El uniforme de ambos ejércitos en liza tuvo muchas similitudes, salvo el ros liberal y la boina carlista, por lo que se intentó siempre que lucieran prendas propias. Se dictaron normas de uniformidad y se procuró que las haciendas forales vascas y navarra pagasen la vestimenta de los batallones de sus provincias, pero no siempre se tuvieron los recursos suficientes para ello.
En 1873, cuando las Diputaciones Forales apoyaron a Don Carlos, los legitimistas se hicieron con los depósitos de armas guardados en cada pueblo. Desde el reinado de Felipe V (1700-1745), las provincias forales habían equipado a sus propias milicias con armamento de infantería o a sus expensas, encargándose de guardar las armas para casos de alarma o para su exhibición pública en los alardes. Con estas armas se dotaron las primeras partidas carlistas en 1872, a las que se añadieron las que habían logrado comprar en el extranjero, sobre todo a proveedores franceses.

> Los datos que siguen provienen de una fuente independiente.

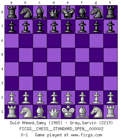 Last move : 0-1 2012 May 19 1:36:10 [Event "FICGS__CHESS__STANDARD_OPEN__000002"] [Site "FICGS"] [Date "2012.04.08"] [Round "1"] [White "Ould Ahmed,Samy"] [Black "Gray,Garvin"] [Result "0-1"] [WhiteElo "1965"] [BlackElo "2219"] 0-1 This chess game has been lost on time (started : 2012.04.08 15:49:7) Player Black won this chess game. Follow this game move after move (download)Pawns: they are the soul of this game, they alone form the attack and defense. (Philidor) Schachspieler können ausgezeichnet Varianten am Schachbrett berechnen, aber nicht im realen Leben. Zu stark ist der Individualismus im Schach ausgeprägt, und für viele ist ein kleiner momentaner persönlicher Vorteil wichtiger als ein weit größerer Vorteil von morgen. (Anatoly Karpov) ¿Que sería del Ajedrez sin errores graciosos?. (Kurt Richter) Donnez-moi un Cavalier en 6e et je gagnerais toutes mes parties. (Steinitz) Never was anything great achieved without danger. (Niccolo Machiavelli)

Los carabineros fieles al gobierno liberal –principal fuerza de custodia de la frontera– se mostraron incapaces de acabar con el tráfico de armas en la frontera hispano-francesa. Numerosos alijos entraron usando los pequeños puertos de la costa del Cantábrico, desde Fuenterrabía hasta Santoña, pues los carlistas contaron con la ayuda de los pescadores locales –a cambio de dinero–, que cargaban mar adentro las cajas con las armas para llegar a puerto inocentemente tras una jornada de supuesta pesca.
Conforme el frente bélico se desarrolló, y aunque ninguna nación reconoció derechos de beligerancia a Carlos VII, mercantes de diversas banderas entraron con todo desvergüenza en los puertos carlistas –izando la bandera británica por conveniencia– para descargar armas. Lo cual pudo ser realizado debido a que la flota española, que se encontraba en Cartagena, fue controlada por los revolucionarios cantonales. Una vez derrotada la flota rebelde, los liberales cerraron el mar Cantábrico a este tráfico de armamento con barcos leales.

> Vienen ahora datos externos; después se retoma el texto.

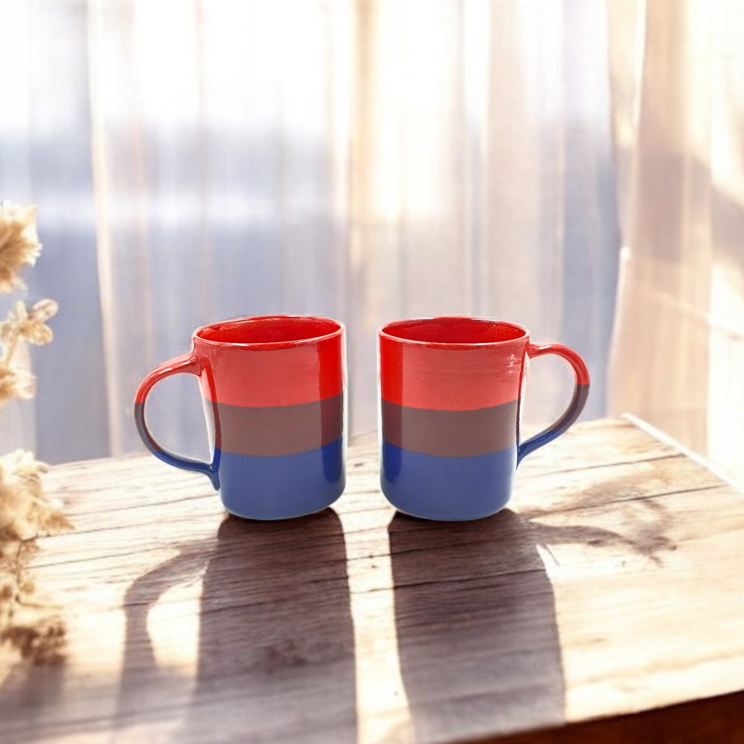 Expertly designed for Leafbud, each mug set features two distinct designs in vibrant rainbow-inspired colours. Crafted from high-quality ceramic for lasting durability, these mugs combine unique artistry and ergonomic form. Available as coordinated pairs, they elevate everyday sipping with bold hues and artisanal precision, perfect for home or gifting.

Otra fuente de armamento para los carlistas fue la industria armera del Norte, ya que, además de los arsenales de Eibar y Placencia, en manos legitimistas desde 1872, los carlistas desarrollaron una pequeña industria de armas portátiles en otras localidades como Ermua, Guernica, Fuenterrabía y Portugalete. Estas pequeñas empresas, aparte del valor militar de su producción, tuvieron una gran importancia en la retaguardia. Evidentemente, también los carlistas consiguieron armas de los muertos y prisioneros liberales, pero la disparidad de modelos implicó necesariamente la imposibilidad de homogeneizar el suministro de municiones, con los consiguientes problemas logísticos.
Pero los carlistas no tuvieron tanta suerte con el armamento pesado: obuses, cañones, morteros…, más difíciles de conseguir y transportar por la vigilancia de fronteras. Las capturas al enemigo no fueron muchas, ya que la artillería siempre iba bien protegida en las retiradas. Las fábricas no podían, por razones tecnológicas, producir armamento pesado en serie, sino solo de forma artesanal y con una calidad incierta. Asimismo, conseguir balas de cañón o de mortero fue aún más difícil, por lo que la artillería carlista siempre estuvo en inferioridad frente a la liberal, aunque no fue tan importante en las luchas sobre un terreno abrupto.
En cuanto a oficiales de artillería, la carencia fue más que peligrosa, hasta que en 1873 se pasaron a las filas carlistas muchos oficiales descontentos, gracias a los cuales se pudo organizar una artillería más regular, mejor adiestrada y más efectiva. Y es que el republicano Manuel Ruiz Zorrilla cometió tantos errores en sus relaciones con la oficialidad artillera que provocó el retraimiento de muchos de sus miembros.